*** Opening Stored data ***
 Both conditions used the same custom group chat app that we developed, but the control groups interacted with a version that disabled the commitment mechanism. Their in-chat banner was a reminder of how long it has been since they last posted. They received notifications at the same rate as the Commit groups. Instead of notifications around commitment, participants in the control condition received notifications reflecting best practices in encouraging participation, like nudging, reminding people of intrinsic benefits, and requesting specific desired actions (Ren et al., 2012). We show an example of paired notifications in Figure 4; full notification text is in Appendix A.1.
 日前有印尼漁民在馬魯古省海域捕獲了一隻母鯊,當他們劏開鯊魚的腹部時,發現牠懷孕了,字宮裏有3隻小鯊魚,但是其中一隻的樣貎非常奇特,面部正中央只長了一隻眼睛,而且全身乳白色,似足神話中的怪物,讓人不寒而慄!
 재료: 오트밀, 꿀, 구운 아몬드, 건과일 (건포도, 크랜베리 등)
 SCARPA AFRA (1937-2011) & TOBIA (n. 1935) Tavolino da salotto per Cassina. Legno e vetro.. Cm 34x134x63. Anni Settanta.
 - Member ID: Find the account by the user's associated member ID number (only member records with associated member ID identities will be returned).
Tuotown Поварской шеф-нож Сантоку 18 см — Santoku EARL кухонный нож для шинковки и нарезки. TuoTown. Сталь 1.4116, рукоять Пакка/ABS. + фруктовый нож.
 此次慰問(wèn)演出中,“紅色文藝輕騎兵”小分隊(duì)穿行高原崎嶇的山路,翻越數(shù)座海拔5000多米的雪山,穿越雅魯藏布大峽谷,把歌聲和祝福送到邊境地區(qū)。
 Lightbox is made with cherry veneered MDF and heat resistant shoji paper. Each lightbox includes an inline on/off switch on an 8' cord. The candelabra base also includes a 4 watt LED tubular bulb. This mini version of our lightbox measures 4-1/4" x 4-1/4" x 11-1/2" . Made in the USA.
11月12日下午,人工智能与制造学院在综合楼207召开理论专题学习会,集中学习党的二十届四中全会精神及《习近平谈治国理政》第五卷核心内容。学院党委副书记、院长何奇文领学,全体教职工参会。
*** Closing Stored data ***
Nothing added, nothing dropped: copy the data above.

 Both conditions used the same custom group chat app that we developed, but the control groups interacted with a version that disabled the commitment mechanism. Their in-chat banner was a reminder of how long it has been since they last posted. They received notifications at the same rate as the Commit groups. Instead of notifications around commitment, participants in the control condition received notifications reflecting best practices in encouraging participation, like nudging, reminding people of intrinsic benefits, and requesting specific desired actions (Ren et al., 2012). We show an example of paired notifications in Figure 4; full notification text is in Appendix A.1.
 日前有印尼漁民在馬魯古省海域捕獲了一隻母鯊,當他們劏開鯊魚的腹部時,發現牠懷孕了,字宮裏有3隻小鯊魚,但是其中一隻的樣貎非常奇特,面部正中央只長了一隻眼睛,而且全身乳白色,似足神話中的怪物,讓人不寒而慄!
 재료: 오트밀, 꿀, 구운 아몬드, 건과일 (건포도, 크랜베리 등)
 SCARPA AFRA (1937-2011) & TOBIA (n. 1935) Tavolino da salotto per Cassina. Legno e vetro.. Cm 34x134x63. Anni Settanta.
 - Member ID: Find the account by the user's associated member ID number (only member records with associated member ID identities will be returned).
Tuotown Поварской шеф-нож Сантоку 18 см — Santoku EARL кухонный нож для шинковки и нарезки. TuoTown. Сталь 1.4116, рукоять Пакка/ABS. + фруктовый нож.
 此次慰問(wèn)演出中,“紅色文藝輕騎兵”小分隊(duì)穿行高原崎嶇的山路,翻越數(shù)座海拔5000多米的雪山,穿越雅魯藏布大峽谷,把歌聲和祝福送到邊境地區(qū)。
 Lightbox is made with cherry veneered MDF and heat resistant shoji paper. Each lightbox includes an inline on/off switch on an 8' cord. The candelabra base also includes a 4 watt LED tubular bulb. This mini version of our lightbox measures 4-1/4" x 4-1/4" x 11-1/2" . Made in the USA.
11月12日下午,人工智能与制造学院在综合楼207召开理论专题学习会,集中学习党的二十届四中全会精神及《习近平谈治国理政》第五卷核心内容。学院党委副书记、院长何奇文领学,全体教职工参会。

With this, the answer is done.